Als seine Geschwister gibt Sally Sommer 1940 Ludwig Sommer in Hamburg an und Siegfried Sommer, der ausgewandert war. Bruder Berthold Sommer war am 7. Mai 1918 bei Laon, Bruder Hugo am 21. November 1915 bei Reims gefallen. Für ihre beiden gefallenen Söhne bezog Karoline Sommer eine Elternrente.

Sally Sommers einzige Schwester Jenny lebte in Bingen und wurde 1942 mit ihrem Mann David Friedmann deportiert.

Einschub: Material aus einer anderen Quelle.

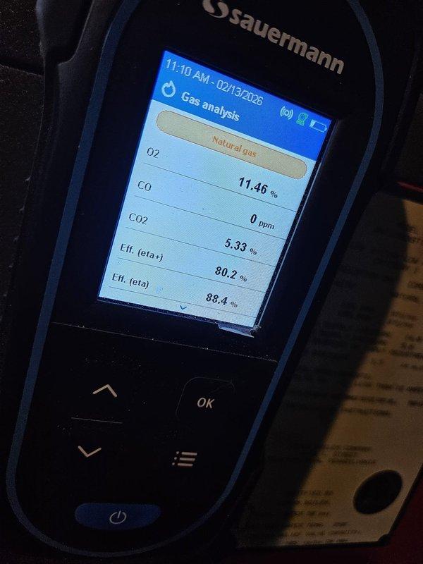 Responded to no-heat call where furnace burner was operational but circulation pump failed to activate. Performed combustion analysis with Sauermann analyzer, confirming proper gas combustion with 80.2% efficiency, 11.46% O2, 0 ppm CO, and 5.33% CO2. Restored proper operation by repairing circulation pump issues.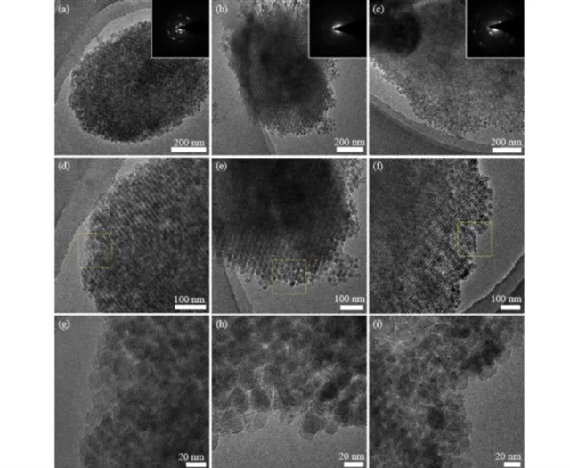 图2 (a,d)3DZ5_C,(b,e)3DZ5_S/C和(c,f)3DZ5_S的透射电子显微镜图像;(g–i)分别为(d–f)中选定区域的高倍透射电子显微镜图像。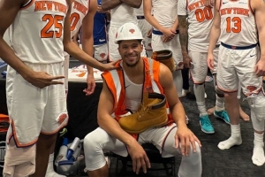 尼克斯戰(zhàn)勝籃網(wǎng),賽后球隊(duì)評(píng)選哈特當(dāng)選本場(chǎng)最佳防守球員,他在更衣室穿工地服裝和帽子與隊(duì)友合影。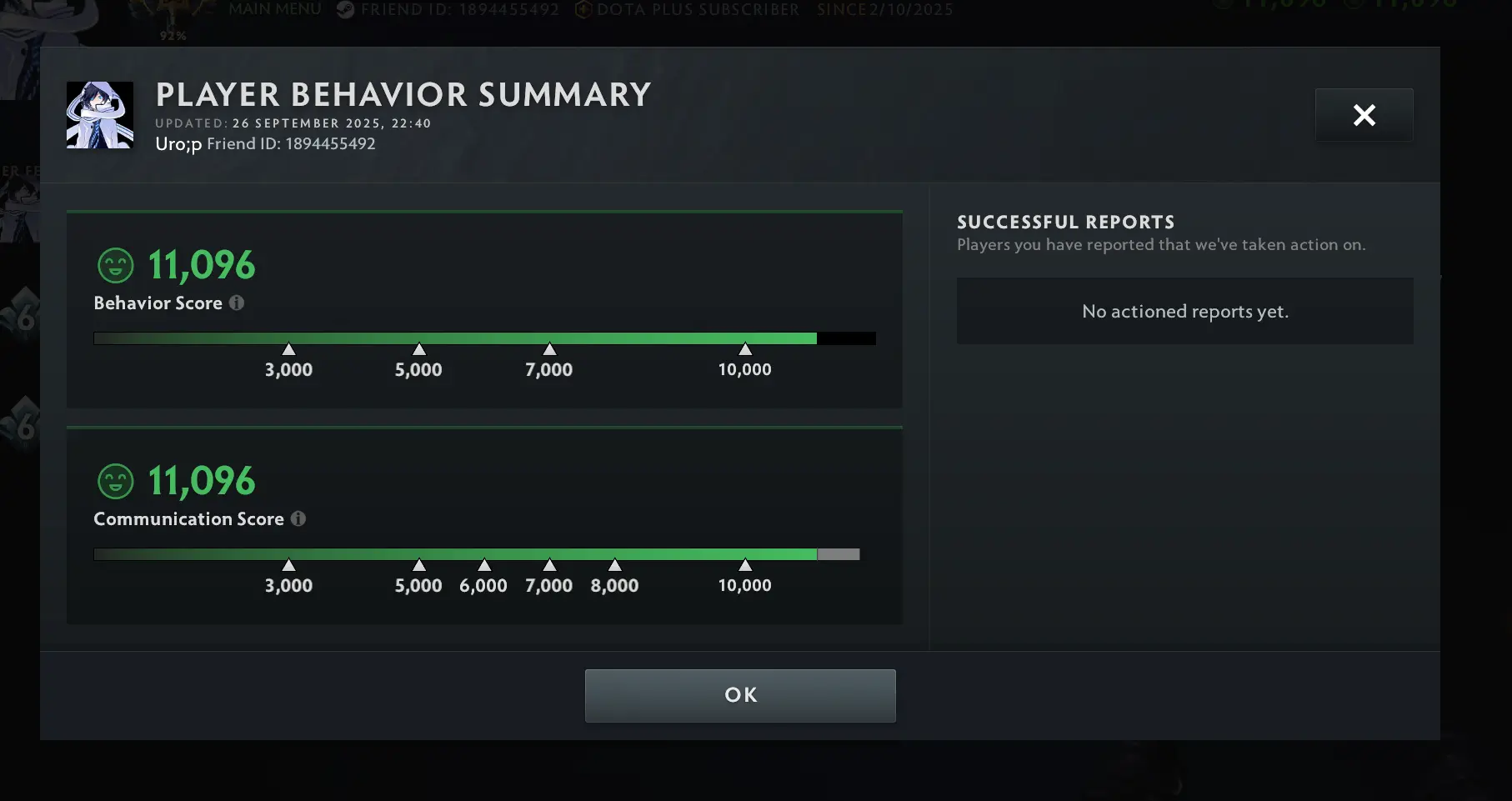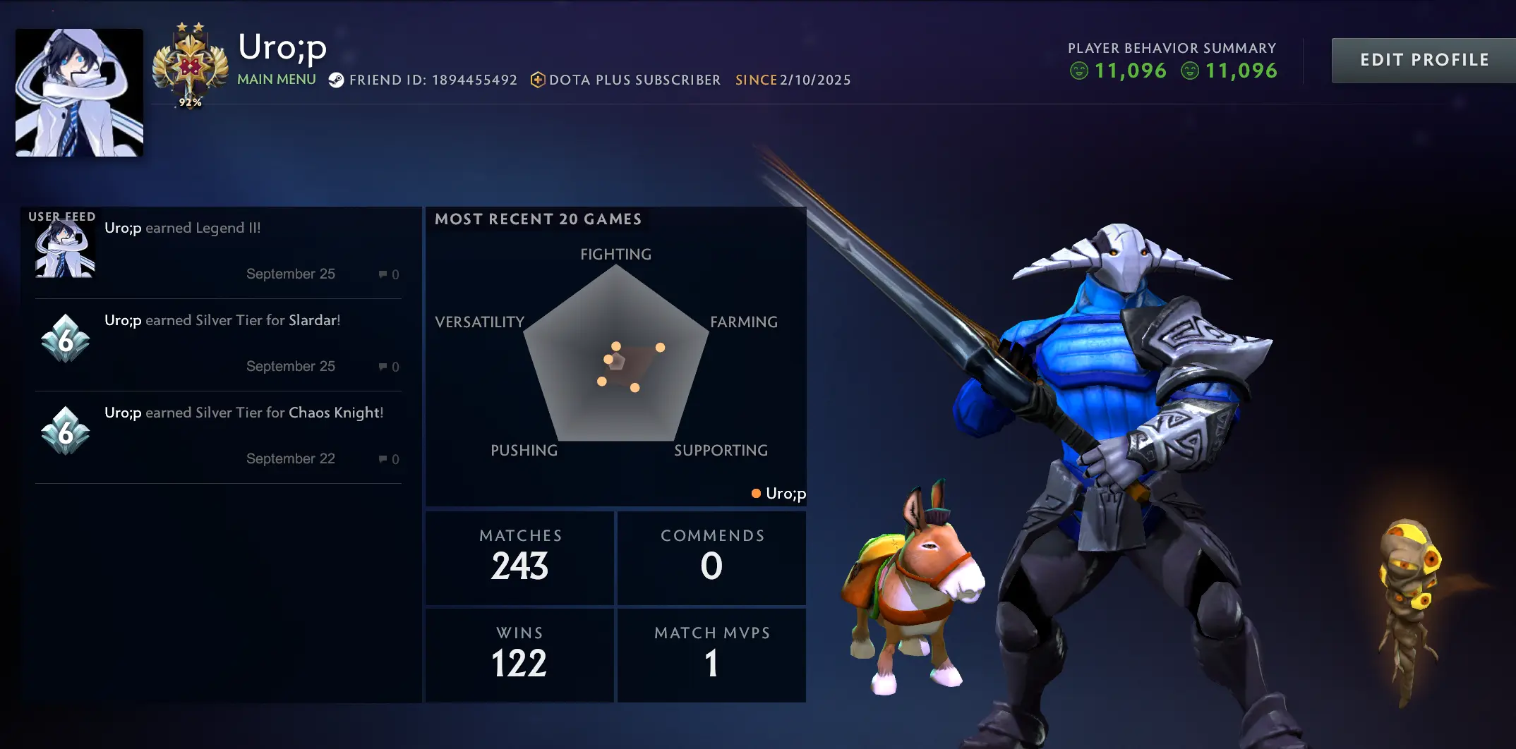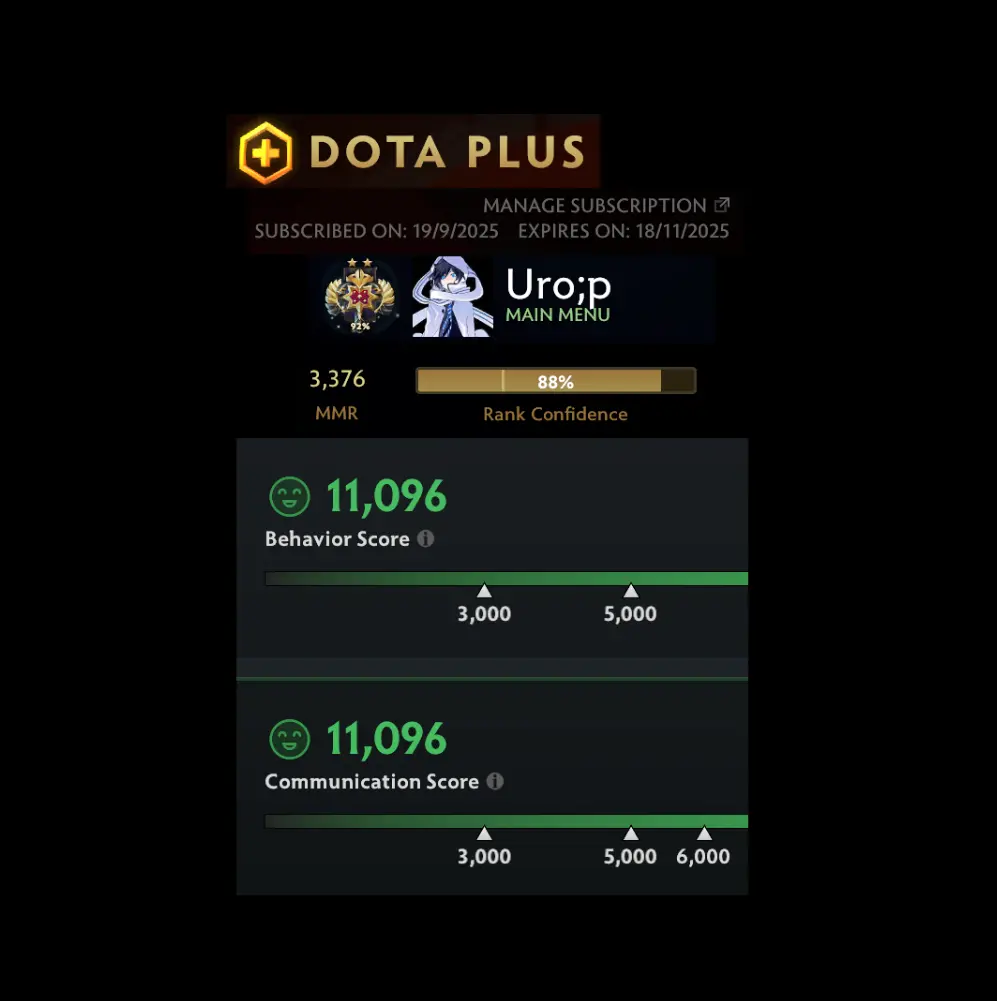 Legend 2 (92%) 🔥 3376 MMR + 11096 Behavior 🔥DOTA PLUS 🔥

Ida Sommers Brüder Julius und Gustav und ihre Schwester Recha Weinberg emigrierten nach Nordamerika, Schwester Klothilde wurde mit ihrem Mann Aaron Hahn deportiert. Idas Vater Gabriel Blumenthal starb am 23. August 1936 während eines Besuchs bei seiner Tochter in Bingen, wo er auch bestattet wurde.

Sally Sommer war im Ersten Weltkrieg bei der Flugabwehrartillerie, wurde verwundet und mit dem Ehrenkreuz für Frontkämpfer ausgezeichnet. Er war Mitglied in der Jüdischen Kultusvereinigung Bingen.

Abweichend von der in Bingen geführten „Auswanderungsliste“, nach der Ellen Sommer im August 1940 von Frankfurt aus in die USA emigrierte, berichtete Rose Widom-Goldman, ihre Cousine sei mit einem Kindertransport nach England geschickt worden, wo sie bis nach dem Krieg gelebt und gearbeitet habe. Dann erst sei sie nach Nordamerika gekommen und habe mit ihrem Mann Hans Leeser, der ebenfalls aus Deutschland geflohen war, und ihren Söhnen Ronald und Kenneth in San Francisco gelebt. Ellen Leeser sei 2005 gestorben und habe fünf Enkel hinterlassen.

Im Sommer 2017 kam Ron Sommer mit seiner Frau Gail nach Bingen und korrigierte die Aussage von Rose Widom Goldman: Seine Mutter sei als 19-Jährige von Berlin nach Moskau geflohen, sei per Zug durch Russland gereist und habe Korea und Japan durchquert. Von Japan ging es per Schiff nach Hawaii, bis sie schließlich San Francisco erreicht habe, wo sie lebte und arbeitete und 2003 starb.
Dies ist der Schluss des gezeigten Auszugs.